It took some time to find the right steps to get a base configuration that we could ingest data into from the shadow file; since we need a migration and we don’t have clear text password credentials for our users (rightly so!) Once the migration scripts were written/executed, and the source data filed away in git, we were able to remove the users from the /etc files and hey presto! We could still log in! PAM+LDAP provides a neat separation of system accounts (generally those below 1000, created by package installers and the like directly in the OS files) from our new, portable user accounts.

Whilst getting setup, we decided to create an administrator user with permission to edit records. This avoids having to know or share knowledge of the rootDN password (that gives unlimited access to the data) with any client applications. We can then replicate the admin user's credentials. We also installed SSL/TLS certificates to provide secure access to clients if they needed it, using the system default ‘snakeoil’ keys :)

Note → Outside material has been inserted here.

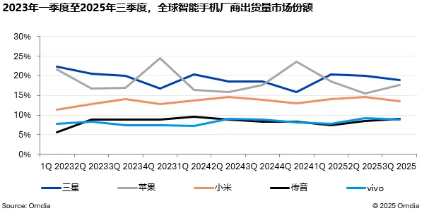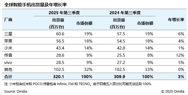 Omdia 報(bào)告 2025Q3 全球手機(jī)出貨量:三星同比增 6%、蘋果增 4%、小米增 1%、傳音增 12%、vivo 增 5%

NB: We had already done the donkey work of syncing user and group IDs across our two servers - we were lucky to have very few clashes! Retro fitting common user credentials to disparate systems is always going to be messy… :)

Can I change my password?

We then needed to check what happened when a user executes the ‘passwd’ utility.. it works! Well, yes and no. The LDAP stored credentials did update, but they also became hashed with a different algorithm - one very old and from the distant past which is NOT secure :( It turns out there is basically a fight between which components create the hash; the LDAP client software, or the LDAP server itself. There is a 'new' method defined as part of an LDAP extension RFC 3062 that allows the LDAP server to create the hash according to a 'policy' set in the config. It turns out this policy is just two values (hash algorithm=CRYPT which directs slapd to the OS libcrypt() library, and salt format="$6$%.6s" which tells libcrypt to select SHA512 and a 6-digit salt), but they are stored in different database sections - sigh. The good news is that nslcd, part of the latest PAM+LDAP integration package (as of Q1 2026) already supports this method and infact does NOT support any other!

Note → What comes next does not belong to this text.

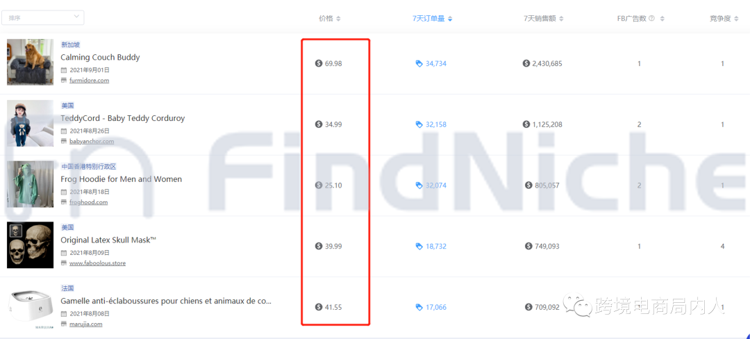 根据FindNiche的数据统计,热卖商品的客单价通常在20-70美元,因此,建议卖家选择商品采购成本在5-20美元的商品。

With this setup, we get reasonably secure crypto hashing of passwords. BUT the shadow file was using a “$y$…” salt format. This is a reference to yescrypt which is a very modern, secure algorithm, so why did we not set this up? Unfortunately, we cannot select this as yescrypt is not supported by some client tools yet. These tools do not understand what is in the password field and fail to display, check or update the password correctly. Notable among those tools is phpLDAPadmin, possibly the most widely used FOSS LDAP management tool out there; boo! So SHA512CRYPT with a decent salt it is.. We have checked that such hashes can be exported back into a shadow passwd file and still work, (as they should since this was the default for Debian systems before yescrypt was introduced,) which is one of our requirements - to be able to back out a user credential to the file-based PAM system at any time, just incase (!)

Can I have a self-service web UI with that?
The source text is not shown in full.